Читая спрятанные, остававшиеся недоступными на протяжение семидесяти или восьмидесяти лет свободные русские газеты, мы видим, что они хранят неожиданные, иногда неучтенные подробности истории русской культуры. Периодика конца 1917 – начала 1918 года и сейчас не везде и не всегда доступна и далеко не полностью введена в научный обиход. Естественно, что история русской культуры без учета ее неполна или однобока. Например, не полностью еще изучены гражданские выступления писателей.
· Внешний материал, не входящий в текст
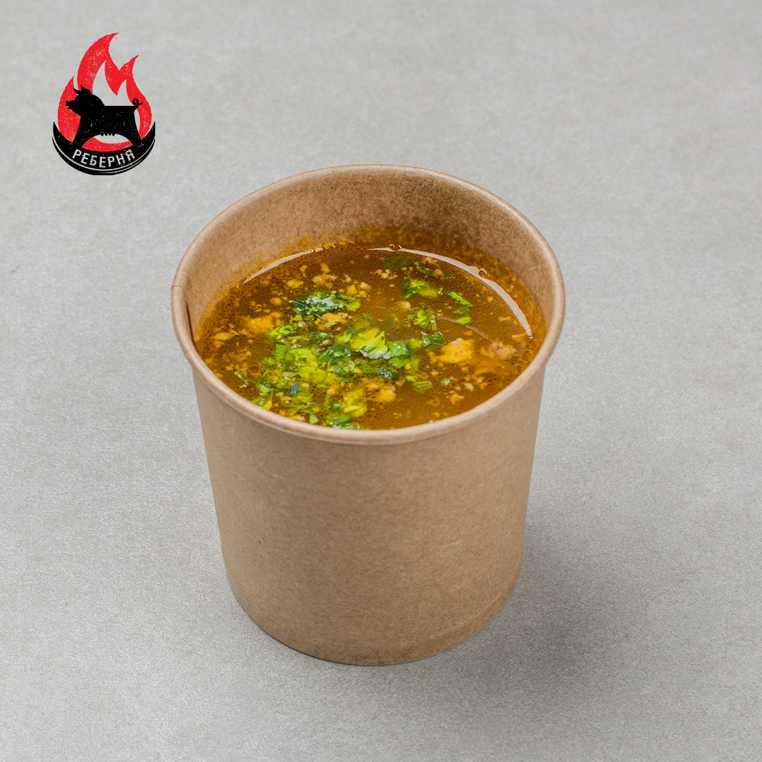 М’ясна зупа на основі свиного гуляша, кореня селери, ріпчастої цибулі, моркви, овочевого бульйону, петрушки та перцю чілі.

Правда, за последние двадцать лет были переизданы целые циклы газетных эссе русских писателей революционного времени: наиболее полно представлен Горький («Несвоевременные мысли»), затем Эренбург («На тонущем корабле»)[219], отчасти Замятин[220] (но без язвительных статеек и убойных солдатских сказочек 1917 года), Тэффи (но без части одесских и стамбульских статей)[221]. Я сама опубликовала четырнадцать статей Алексея Толстого из московской независимой, харьковской и одесской прессы 1917–1919 годов[222]. Александр Амфитеатров[223], Иван Бунин, Александр Куприн создали блестящие публицистические циклы уже в эмиграции – частью на основе своих статей, вышедших в полусвободной (до лета 1918) русской прессе или на территории, занятой белыми; но вот статьи Николая Бердяева из эсеровских «Власти народа» и «Понедельника власти народа» остаются неизвестными: знаменитую статью «Духи русской революции» все знают, но в 1917–1918 годах Бердяев публиковался чуть ли не ежедневно. То же самое можно сказать о цикле гражданских статей в «Русском слове» за 1917 год Homo Novus’а, то есть А. Р. Кугеля, знаменитого издателя журнала «Театр и искусство»: эти его статьи, бичующие разрушителей общества, остаются непереизданными. Остались неизвестными статьи М. Осоргина в киевской «Русской мысли», которые он посылал туда из Москвы в 1918-м. Чрезвычайно любопытен цикл гражданских статей весны 1918 года в петроградской газете «Вечерние огни» автора, писавшего под псевдонимами Нил и Н. Нил (то есть новый Нил) – по нашему предположению, это был Антон Карташев, возможно, проецировавший на себя образ Нила Сорского.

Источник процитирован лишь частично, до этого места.